The Internet company and search engine AskJeeves acquired Teoma while Yang was working as chief scientist and vice president of research and development at Teoma. Yang is now the chief scientist for AskJeeves and Teoma.
“Teoma is an example of how cluster computing can be used in a real world application,” Yang said.
A search engine such as Teoma must respond to millions of requests from users each time a user runs a search. For Google or Teoma to remain running, they must use cluster computing to handle the workload.
“Normally, you have some kind of web service or some application running on one machine. Now you say, I want to run a lot of queries and [process] a lot of traffic, and you also have high speed [connections]. Then one machine is not enough, so you put a lot of machines together,” Yang said.
On a commercial system, it is critical that service to a client is not interrupted. The Neptune Project’s ability to balance large workloads is critical to Teoma’s operations. Having a single piece of software, such as Neptune, makes cluster management much simpler.

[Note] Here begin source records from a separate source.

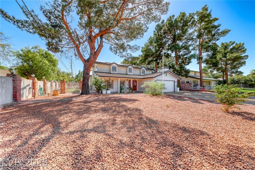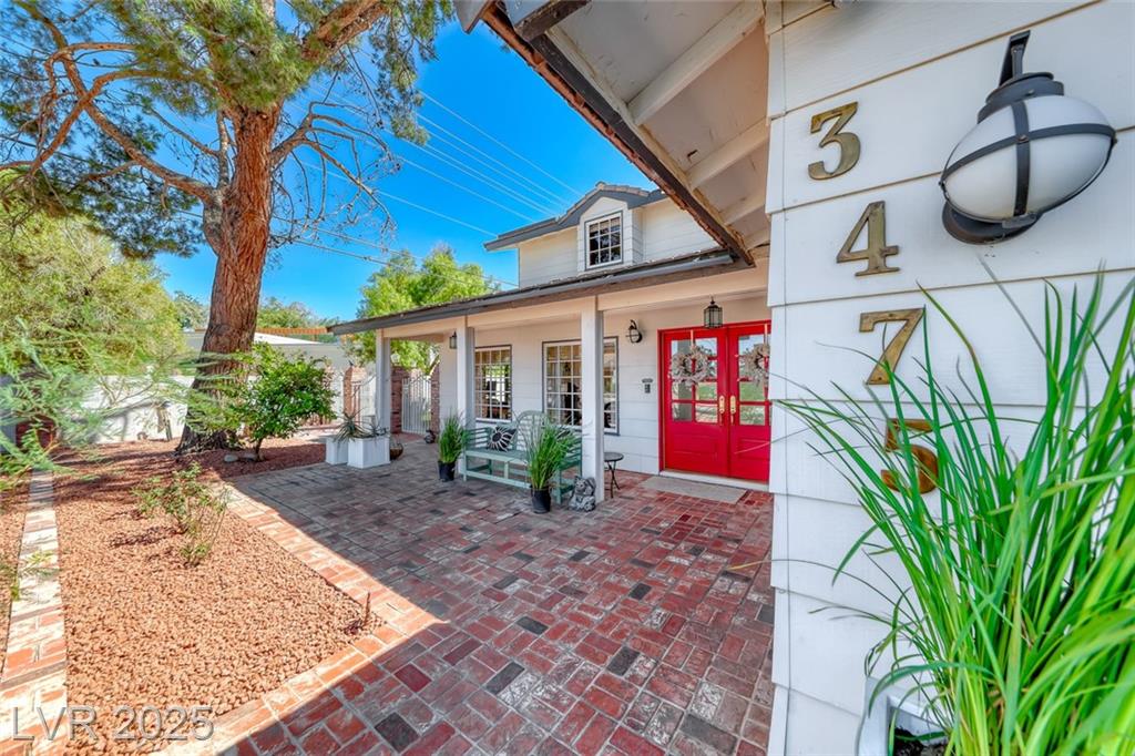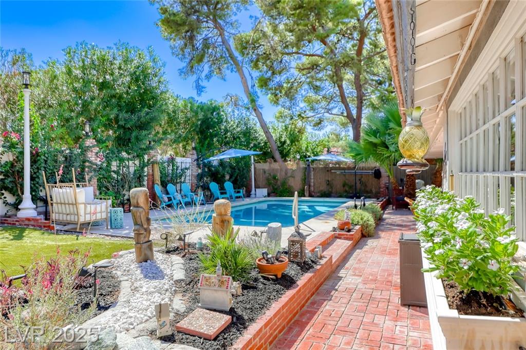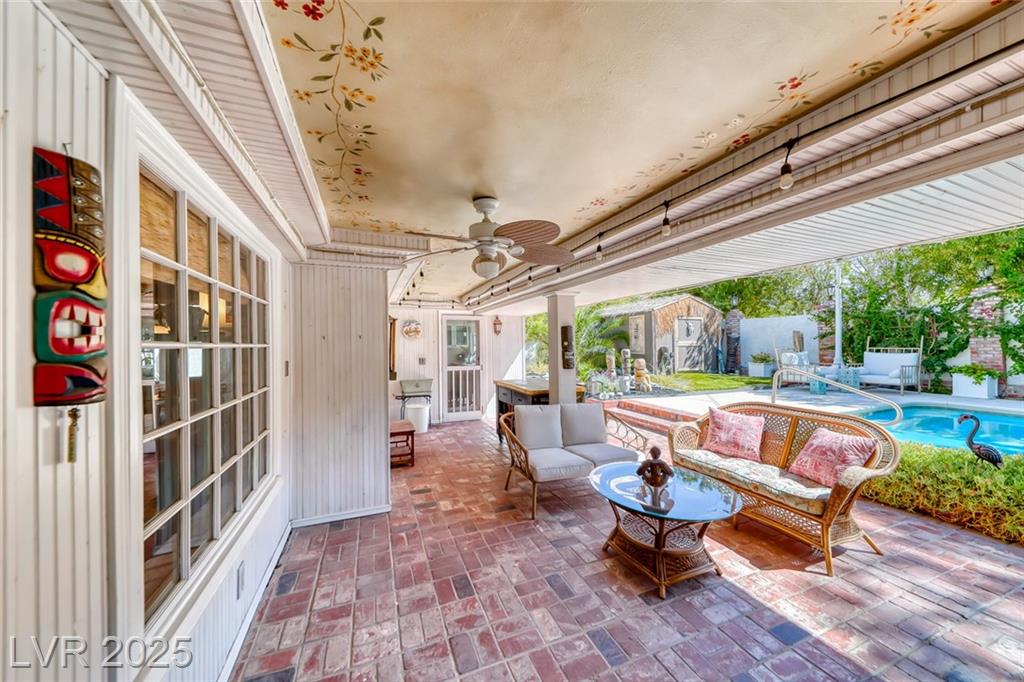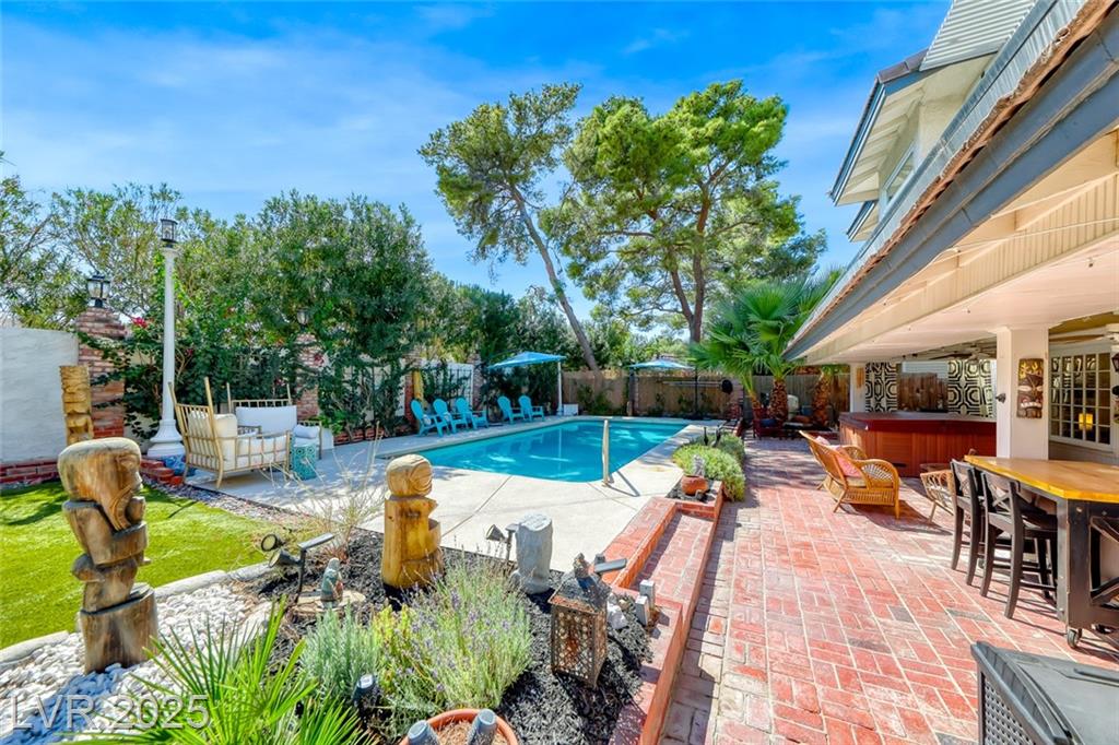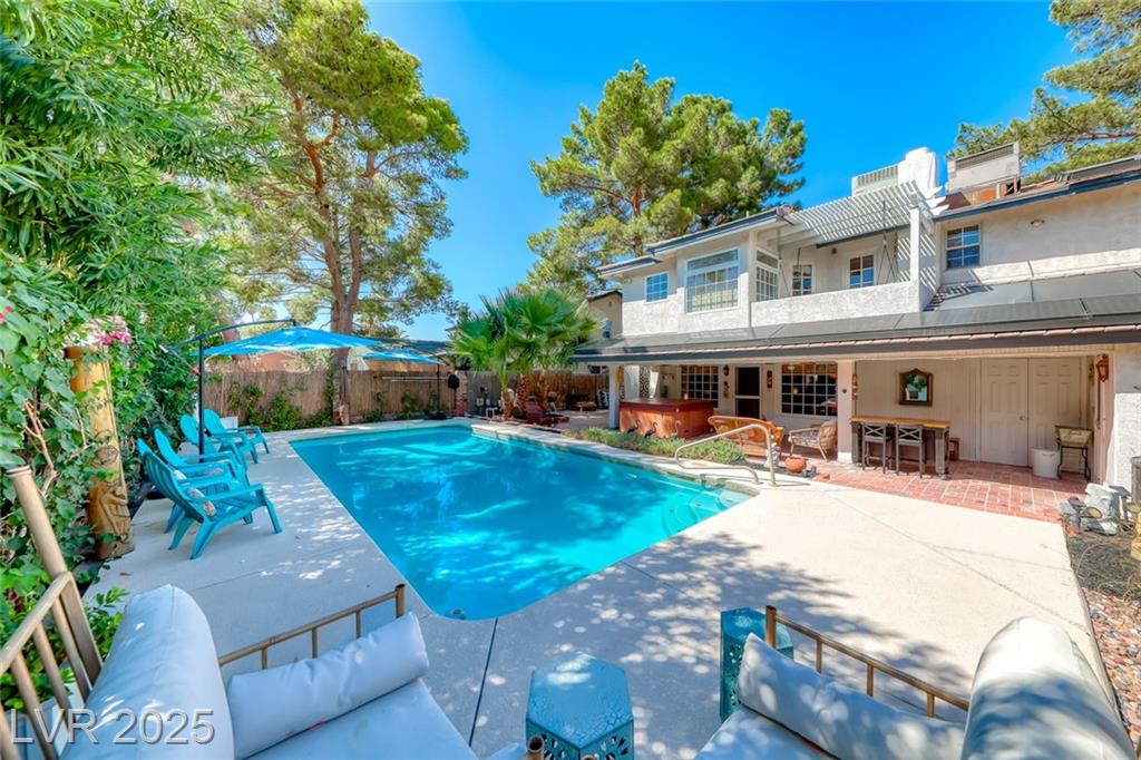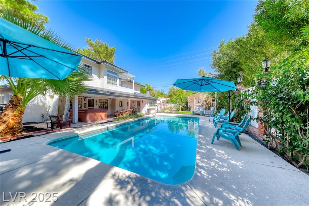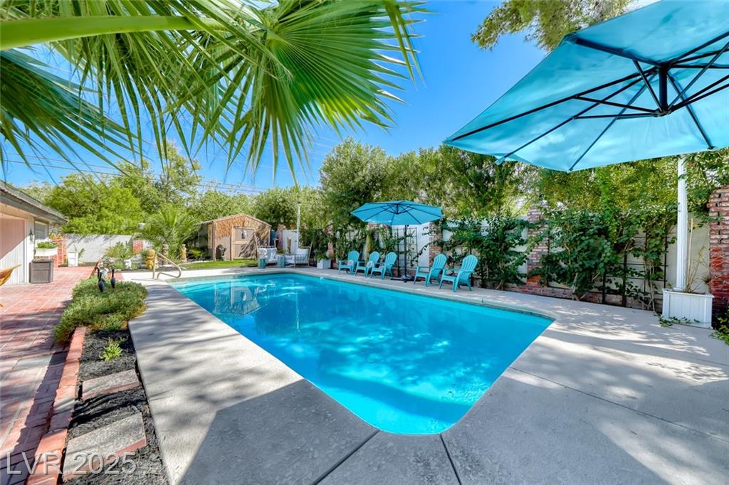 Vintage Cape Cod charm meets Las Vegas living! This 2,679 sq. ft. home blends timeless character with modern comfort. Two spacious primary suites feature spa-like bathrooms and a private balcony—perfect for morning coffee or evening sunsets. The chef’s kitchen boasts a commercial-grade stove/oven and large brick island with butcher block counter, ideal for culinary adventures. The huge family room invites gatherings with its cozy wood-burning fireplace, built-in bookcases, convenient desk, and nearby half bath. Step outside to your own private resort with a sparkling pool, an expansive covered patio for entertaining, and a 10x14 tough shed transformed into a tiki bar for year-round fun. There is an outside area perfect for furry friends at one end, and on the opposite end of the home an area for rv parking and toys. There are roof mounted solar electric panels for energy efficiency! A rare find offering personality, versatility, and endless possibilities in the heart of Las Vegas!
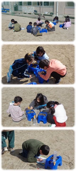 1年生が、校舎の前で育てているチューリップを運動場に持ち出して観察していました。
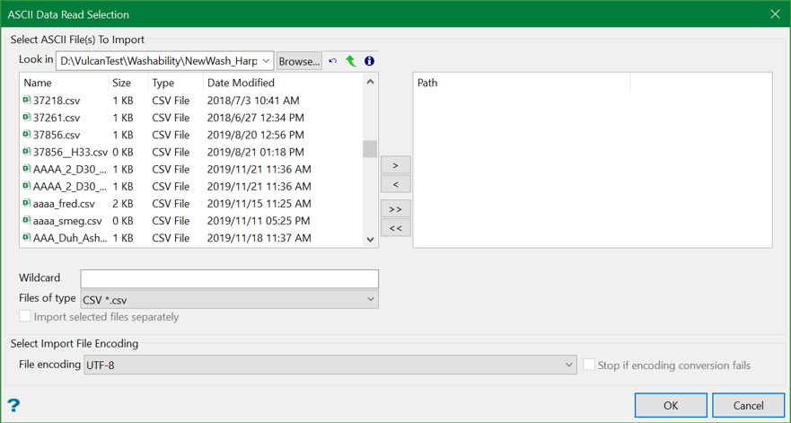 Select the files that you want to import and click -> to move them to the Path column on the right side of the panel, or click >> to select all files. To remove a file, click <-, or click << to remove all files.

“At Teoma, we have to process terabytes of data. We have a different variety of machines, but we want to be able to manage them together and have a complete storage system,” Yang said.
Hong Tang is another graduate student studying under Yang and is currently researching how to use a cluster to act as a dynamic storage system.
Working with the Private Sector
Beowulf clusters provided universities with a way to achieve super-computing power with a relatively small budget, but collaboration between the private sector and higher education is mutually beneficial.
“At UCSB we have a small cluster, but we don’t have enough machines for this kind of research. That’s why it’s good to work with a company; they have the money and infrastructure available. You can do more large-scale research which you could not do in a university environment because of a limited budget,” Yang said.
Shen, Tang, and Chu all worked in the past for Teoma building cluster-based services.
“We collaborate with a commercial company [Teoma] to provide services to more than 7 million people every day. That kind of experience with real-world applications, from my point of view, is much better than experience with some toy-level application,” Shen said.
“Our goal is to provide leading technology to the industry and learn from the feedback, and that’s the way we make an impact,” Yang said.